Three institutional instruments were set up for achieving this goal. The first was the World Bank, whose role it was to finance the physical infrastructure required by the Third World countries so that they could provide effective though easily dominated trading partners. The second was the International Monetary Fund, whose role it was to tide over any of these Third World countries that might run into balance of payment difficulties, which indeed they had to. The third was the General Agreement on Tariffs and Trade (GATT) now the World Trade Organization (WTO) Its role was to impose free trade by preventing Third World countries from restricting Western investments and from erecting trade barriers and import quotas.
In other words there is total continuity between the free trade of the middle of the 19th century, the colonialism that followed and lasted until the last war, and the free trade regime foisted on the world via the World Bank, the IMF, the GATT, and now the WTO. In none of these cases was the goal to assure the optimum allocation of resources which free trade is supposed to do, but to assure instead the expansion of US and European corporations into the Third World and the steady flow of funds to the rich countries and the transnational corporations that they harbour. However, the meaning of free trade has undergone another drastic change with the signature of the Uruguay Rounds in 1994.
It is no longer achieved by simply eliminating tariffs, which had already fallen from an average of 40 percent after the war to about 5 percent before the Uruguay Rounds started. It now means eliminating 'non tariff barriers', which means any regulations that can be construed as interfering with trade by increasing costs to industry or by reducing the market for its goods and services - regulations the majority of which were passed to protect human health, the poor, the unemployed, the old and the inform, local communities, local economies, and of course the natural environment. Whether a regulation constitutes a non-tariff barrier, what is more, is decided by a secret panel of the WTO and so far every decision has been in favour of the corporations in their efforts to make themselves more 'competitive' regardless of human, social, and ecological costs.
In this way, it is not so much trade that is being freed, but the corporations that control it. What they are rapidly acquiring is the freedom to cut down virgin forests in order to produce plywood, lavatory paper and the Sunday edition of the New York Times. It is the freedom to erode, salinize, waterlog, compact and desertify agricultural land so as to produce the cheap raw materials for the food-processing industry.
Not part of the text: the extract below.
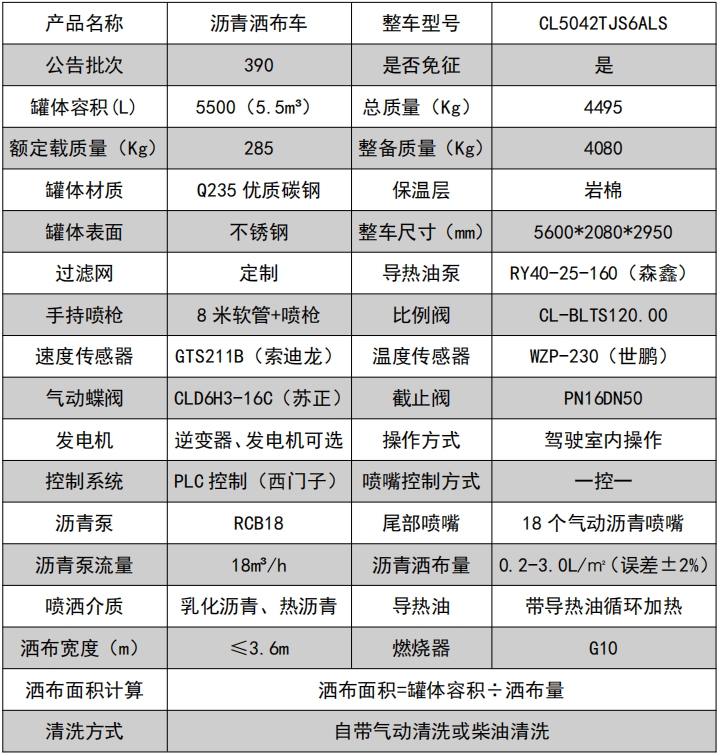??????湖北程力汽車:程力CL5042TJS6ALS福田領航 5.5 方藍牌智能瀝青灑布車產品型號及參數配置,程力CL5042TJS6ALS福田領航 5.5 方藍牌智能瀝青灑布車高清圖片,程力汽車系列程力CL5042TJS6ALS福田領航 5.5 方藍牌智能瀝青灑布車最新報價請撥打客服熱線。整車技術參數 產品商標 程力牌 公告批次 390 產品名稱 水泥凈漿灑布車 產品型號 CL5042TJS6ALS 總質量(Kg) 4495 罐體容積(m3) 額定載質量(Kg) 285,220 外形尺寸(mm) 5600 × 2080 × 2950 整備質量(Kg) 4080 貨廂...

It is the freedom to pillage the oceans with vast trawlers that literally anihilate fish populations with 'wall of death' drift nets that are often 60 miles long.
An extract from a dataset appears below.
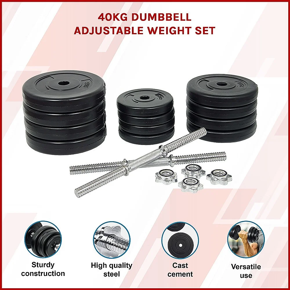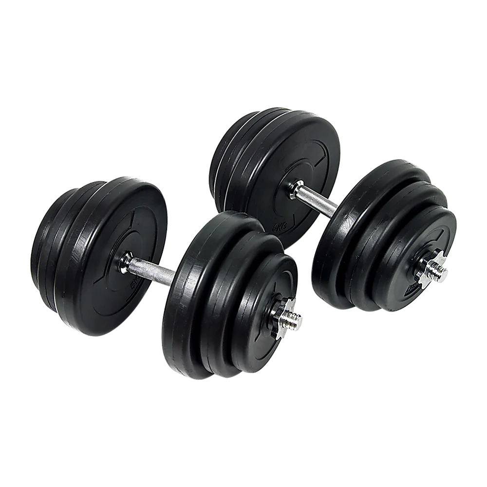 This complete 40 kg dumbbell set from Randy Travis Machinery is the perfect addition to your gym or home fitness room. Compact and sturdy, this set includes both dumbbell bars and plates. With a one-year warranty, you can't go wrong with this set. Made from high-quality steel with a non-slip handle, this set allows you to train with confidence without fear of losing your grip.

It is the freedom to churn out ever greater amounts of ever-more toxic chemicals to spread on our fields, release into our rivers and ground waters, dump into holes in the ground, or inject under pressure into deep bore-holes - from where they find their way into our food and drinking water. It is the freedom to increase poverty and misery, malnutrition and disease, to extinguish tens of thousands, if not hundreds of thousands of species of living things every year, all in order to satisfy the short-term interests of the multinational corporations and the bureaucrats and politicians who live off them.
Those are the freedoms that free trade provides today. I wonder what Adam Smith would have thought.